Enflasyon baskıları… ABD’de enflasyon baskıları yoğun şekilde hissedilirken, Cuma açıklanan Mayıs TÜFE verileri enflasyonun sanıldığı gibi düşüşte olmadığını, aksine zirveye doğru eğiliminin devam ettiğini gösterdi. Mayıs verilerinde TÜFE yıllık %8,6 artarken, çekirdek TÜFE yıllık %6’lık bir orana işaret etti. TÜFE belirgin bir zayıflama belirtisi göstermediği sürece Fed’in hızlı bir şekilde faiz artırma noktasında kalacağını bildiğimizden, bu gibi yüksek gerçekleşmeler şahin beklentileri körüklemekte. Enflasyonun genele yayılan ve birçok koldan etkilenen eğilimi gerekli politika aksiyonunun etkinliği konusunda zorlayıcı. Bu aşamada tedarik zinciri sorunları, hizmet enflasyonunda görülen hızlanma gibi faktörler uzun süre yüksek kalabilecek bir enflasyona işaret etmekte ve bu yönde birikimli riskleri öne çıkarmaktadır.
Şahin perspektif… Enflasyon eğiliminin halen aşağı doğru dönmediği anlaşılırken, bundan önceki süreçte de enflasyonun geçiciliğine dair saptamaların bir “yanlış okuma” olduğu ortadadır. Bu doğrultuda Fed tarafında hızlandırılmış bir sıkılaşma olmasına yönelik daha fazla beklenti ortaya çıkmaktadır. Fed’in 50 bps’lık faiz artışları serisini bu hafta başlatması kesin gözükürken, bunu iki toplantıda daha bu şekilde devam ettirmesi de neredeyse kesinleşmiştir. Powell’ın son açıklamaları Haziran ve Temmuz toplantılarında 50 bps’lik faiz artışlarının makul görüldüğünü göstermektedir. Bu konudaki rehberlik, Fed’in enflasyonda sürekli ve ikna edici şekilde bir düşüş olana kadar faizleri artırma ve hızlı şekilde nötr orana ulaşılması yönünde.

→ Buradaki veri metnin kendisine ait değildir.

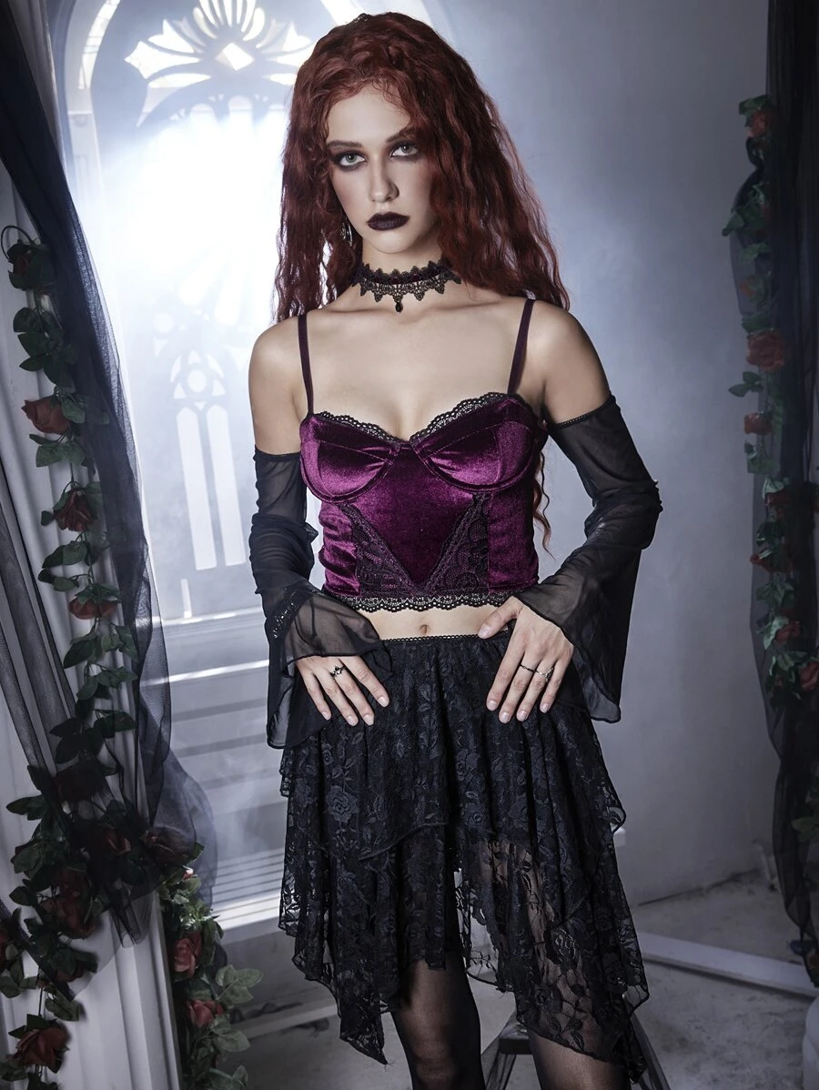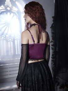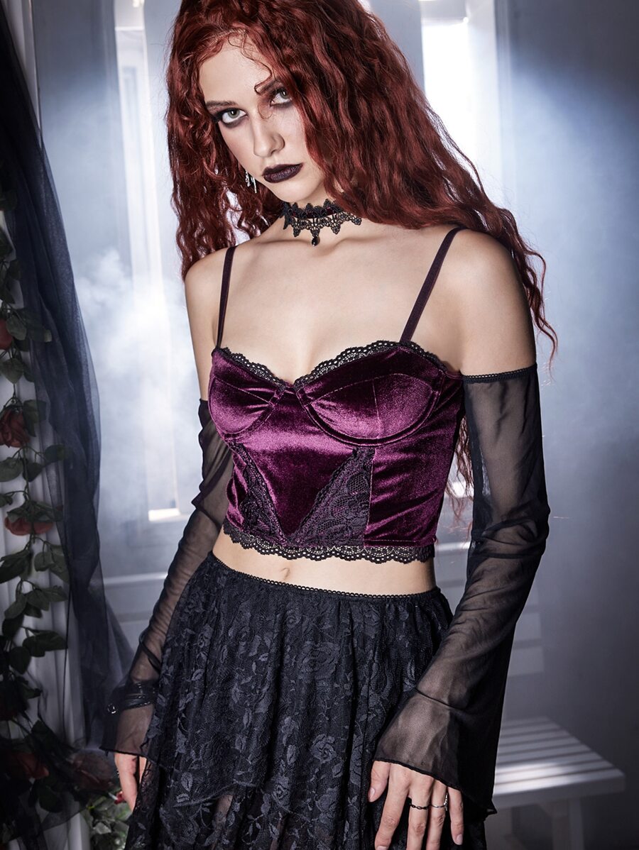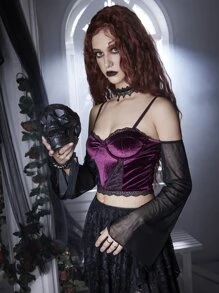 Goth لباس علوي دانتيل متباين اللون كتف مكشوف مخملي

FOMC tutanakları da birçok üyenin bu rotaya uygun bir bakış açısında olduğunu ortaya koydu.
Ekonomik aktivite çekinceleri… Fed’in azalan ekonomik aktivite çerçevesinde faiz artışlarından kaçınma eşiğinden ise henüz tam olarak emin olunamamakta ve faiz artışlarının resesyona yol açıp açmayacağı halen belirsiz. Son tüketici güveni verileri, enflasyonun artık harcama yapma isteğine yönelik erozyon etkisini göstermekle beraber ABD ekonomisinin fiyat artışlarından veya finansal sıkılaşmadan bir talep şoku yaşaması riski bulunmaktadır. Bu perspektif Eylül ayında duraksanabileceğine dair analizleri bir ara öne çıkarsa da, enflasyonu düşürme gerekliliği ve ağırlığı talep enflasyonuna kayan profil Fed’in acı ilacı uygulamada çekingen davranmama ihtimalini daha yüksek göstermektedir.
Avrupa Merkez Bankası gibi, jeopolitik risklerin yarattığı kriz ortamına resesyon potansiyeline anlamında daha yakın duran bir parasal otorite de sıkılaştırma rotasında ilerleme isteğini ortaya koydu. Son toplantısında şahin perspektifi ortaya çıkaran ECB, Temmuz ayında 25 bps faiz artışı sinyalini verirken Eylül toplantısında yeni bir faiz artışı ihtimalini de masaya koydu.
Sonuç? Beklentilerin üzerinde gelen enflasyon verileri ve yüksek fiyat etkilerinin çekirdek endekslerde de yansımalar göstermesi Fed’in 15 Haziran toplantısında 50 bps faiz artışı yapacağı konusunda mutabakatı oluştururken, artık trader fiyatlaması Temmuz ve Eylül toplantılarında da bu serinin devam ettirileceğini göstermektedir. ABD 2 yıllık tahvil faizleri %3,21, 10 yıllık tahvil faizleri de %3,25 ile yukarı hareketini ağırlıklandırdı ve önden yüklemeli bir sıkılaştırma efektini yansıtıyor. Bu seviyeler, 2018 yılındaki zirve piyasa faiz oranları eşiğinin geçilmesi bakımından da önemli. Fed, kredi piyasalarını ve ekonomideki talebi daha sıkı şekilde ele alan politika ayarlamalarını yapma konusunda muhtemelen daha hızlı davranacak ve gelen verilerin enflasyon çıkarımları marjinal beklentiler doğurma noktasında da etki yaratabilecek bir potansiyel oluşturabilir.